Веру совершенно не тяготила «обязанность развлекаться». У ее отца оставались от прежней жизни бриллианты — и дочь с удовольствием носила бриллиантовые колье. У ее отца были средства покупать ей модные вечерние туалеты — и она, разумеется, не пренебрегала такой возможностью. Модная внешность, причудливо приклеенный блондинистый локон над виском, узкие бедра, прямые плечи. Насмешливое равнодушие во взоре. Неотразима.
У Цветаевой — тоже в своем роде модная внешность: та же подчеркнутая неприспособленность к материнству (не-утилитарная женщина, бесполезная, то есть: возможная лишь как возлюбленная; не для продолжения рода — исключительно для любви и смерти). Но Цветаева — не неотразима; Цветаева — неприступна.
Вере — двадцать пять, то есть почти двадцать.
Цветаевой — тридцать девять, то есть почти сорок.
Странно, что они принадлежат к одному и тому же миру. И все же это именно так. Одна из неприятностей эмиграции: невозможность уединения в собственном кружке. Слишком мал этот самый кружок, все вперемешку: официанты, генералы, швейцары, поэты, взъерошенные мечтатели, нелепые журналисты, бывшие актеры, бывшие члены Государственной думы.

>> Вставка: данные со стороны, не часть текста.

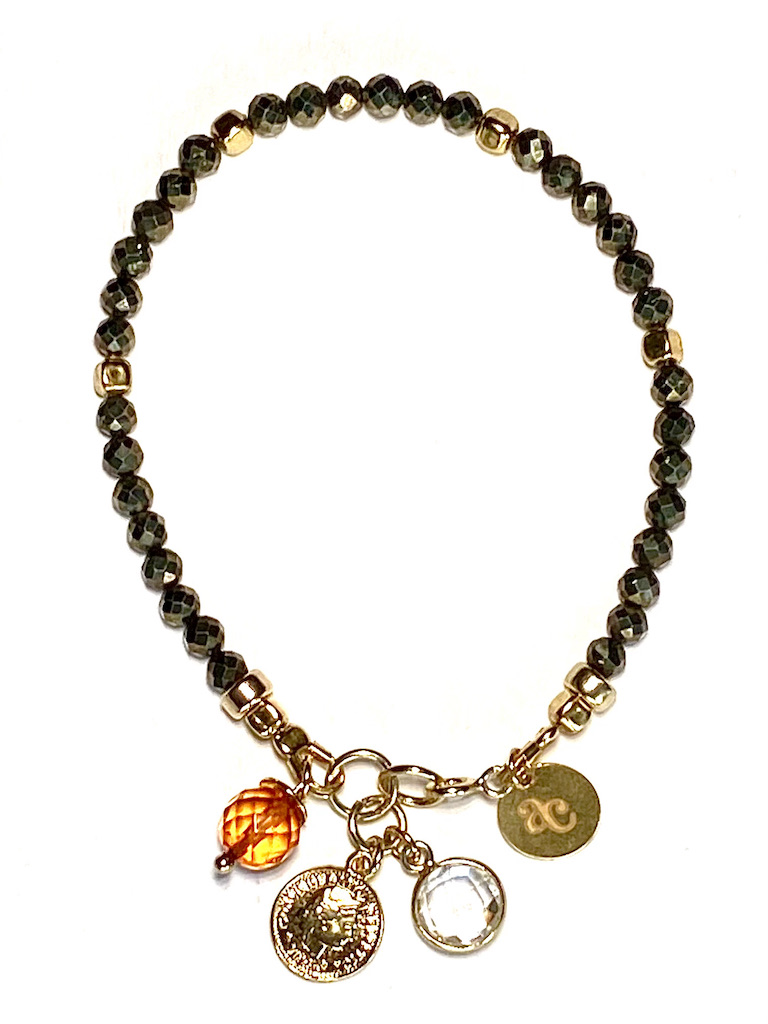 Bracelet with pyrite stone, decorated with modern elements.

Голос Плевицкой утонул во взрыве аплодисментов, и тотчас возле нее очутился генерал Скоблин с меховой накидкой в руках. Окунув ее в меха, рук не убрал — так и остался стоять, прижимая к себе туго обтянутую платьем, непрерывно извивающуюся под переливами атласа русскую красавицу в алмазах.
Очень романтично. Он до сих пор в нее влюблен. Все как в опере или в романе Вальтера Скотта. Жена красного командира попадает в плен к белым, и корниловский офицер Скоблин влюбляется в нее без памяти. Спасение красавицы, тайное венчание с нею, а затем — совместное бегство из России… Все чувства, все обстоятельства чуть преувеличенны. И — совершенно очевидно — Скоблин и Плевицкая безмерно дорожат ими. «Помнишь, Николя, как ты увидал меня впервые? Какая я была!.. И руки красные, и этот тулупчик смешной…»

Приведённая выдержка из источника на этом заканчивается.